- Pani minister schrzaniła przetarg, dzieląc pasmo, które było w jednym kawałku. Przetarg powinien zostać unieważniony i zrobiony porządnie – powiedział dziś o Magdalenie Gaj, prezes Urzędu Komunikacji Elektronicznej Andrzej Piotrowski, ekspert Centrum im. Adama Smitha. Odniósł się w ten sposób do trwającego przetargu na częstotliwości 1800 MHz (tzw.

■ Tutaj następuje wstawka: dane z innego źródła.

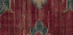 The end (pallu) of this waist sash displays four Mughal-style owering plants against a gold ground while the lac-red central eld is lled with o set rows of golden double cloud-band motifs. The narrow side and cross borders all display a "rosette, leaf and stem" meander. Silk and metal-thread patkas woven in Ahmedabad are considered to be among the world’s most beautiful and technically sophisticated examples of draw-loom weaving. In the Mughal period, both fashion and strict protocol demanded that attendance at court required the wearing of one’s nest patka, whether loom-woven or made of block-printed, hand-painted or embroidered cotton, silk or pashmina (cat.71 and 97). But patkas like this one, woven with richly dyed silk and precious metal-wrapped thread, were the most costly and conferred the highest status.

LTE), w którym UKE rozdysponowuje 5 paczek po 5 MHz każda pasma, zastrzegając, że jeden podmiot może zdobyć nie więcej niż trzy.
Według Piotrowskiego, który wziął udział w konsultacjach poprzedzających ogłoszenie przetargu, 20 MHz to podstawa dla świadczenia usług ultraszybkiego mobilnego Internetu w technologii LTE. Ocenił też, że operatorzy nie zabiegali o możliwość zdobycia paczki o takiej wielkości, bo: "łatwiej jest dokopać konkurentowi, niż uciec do przodu".

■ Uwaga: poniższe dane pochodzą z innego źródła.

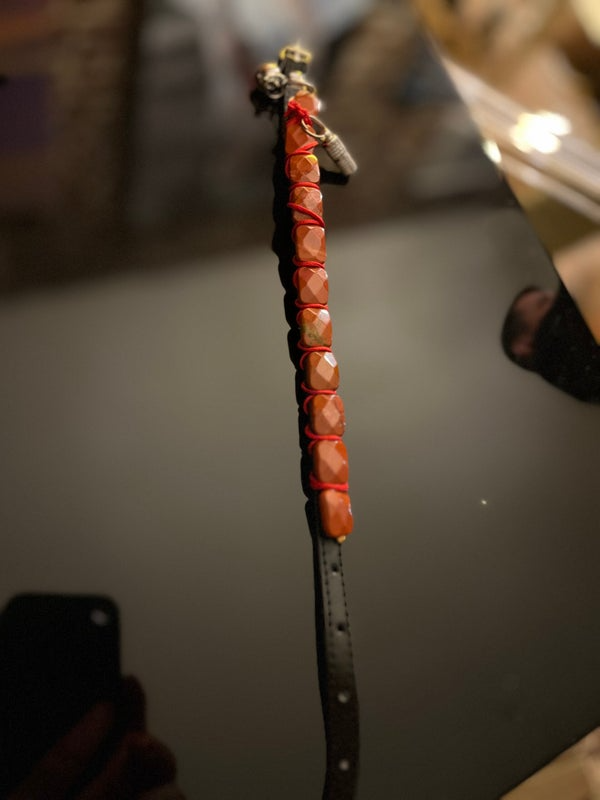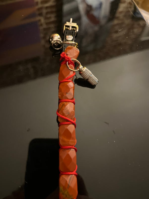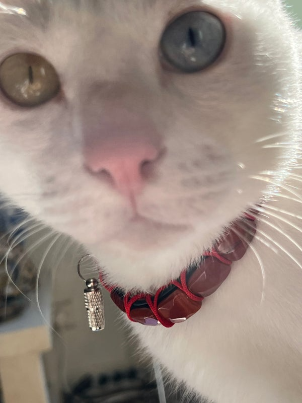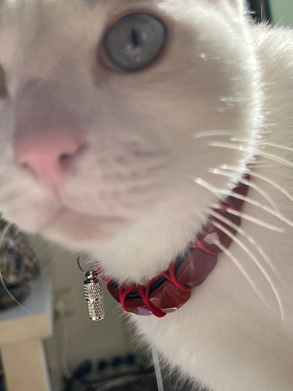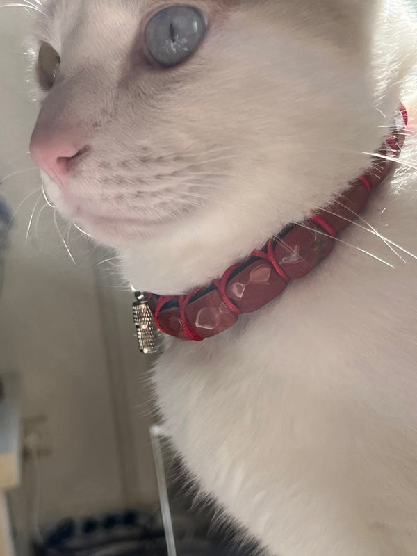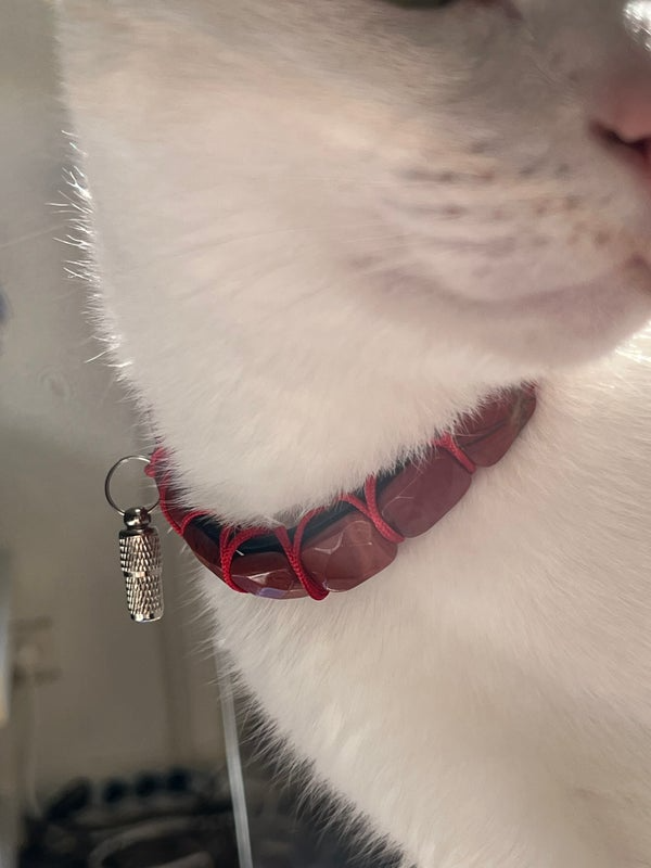 Conçu pour allier élégance et confort, Janus est un collier unique pour chat, associant la robustesse des matériaux à la noblesse des pierres naturelles. Le rouge profond de la couleur jaspe rouge, pierre d’ancrage et de vitalité, apporte une touche sophistiquée et symbolique, renforcée par un tressage minutieux en cordon rouge satiné.

Krytykował przetarg także za inne uwarunkowania. Także za to, że opłaty za pasmo mają być wysokie. - Optymalnym rozwiązaniem byłoby, gdyby administracja wycofała się z rozwiązania, a szczególnie z tak wysokich opłat. One potem obciążą nas – użytkowników - mówił. Uniknął jednak oceny, ile jego zdaniem za częstotliwości będzie musiał zapłacić np. P4, operator sieci Play.
Wbrew opiniom niektórych, sądzi on też, że warunki przetargu nie są preferencyjne dla nowych graczy, którzy walczą ceną o klientów i zwykle zwiększają konkurencję na rynku. - Ten przetarg został ogłoszony, w sposób bardzo niekorzystny dla konsumentów. Nie preferuje challengerów – powiedział.
Wskazywał na ryzyko i nadzieje związane z tym, że główny głos w rozstrzygnięciu przetargu pozostawiono Urzędowi Ochrony Konkurencji i Konsumentów. - Opinia UOKIK może jeszcze sytuację uratować, bo może przeważyć – mówił. Z drugiej strony sugerował, że kawałek pasma może trafić się podmiotowi, który na pierwszy rzut oka nie miał szans wygrać przetargu.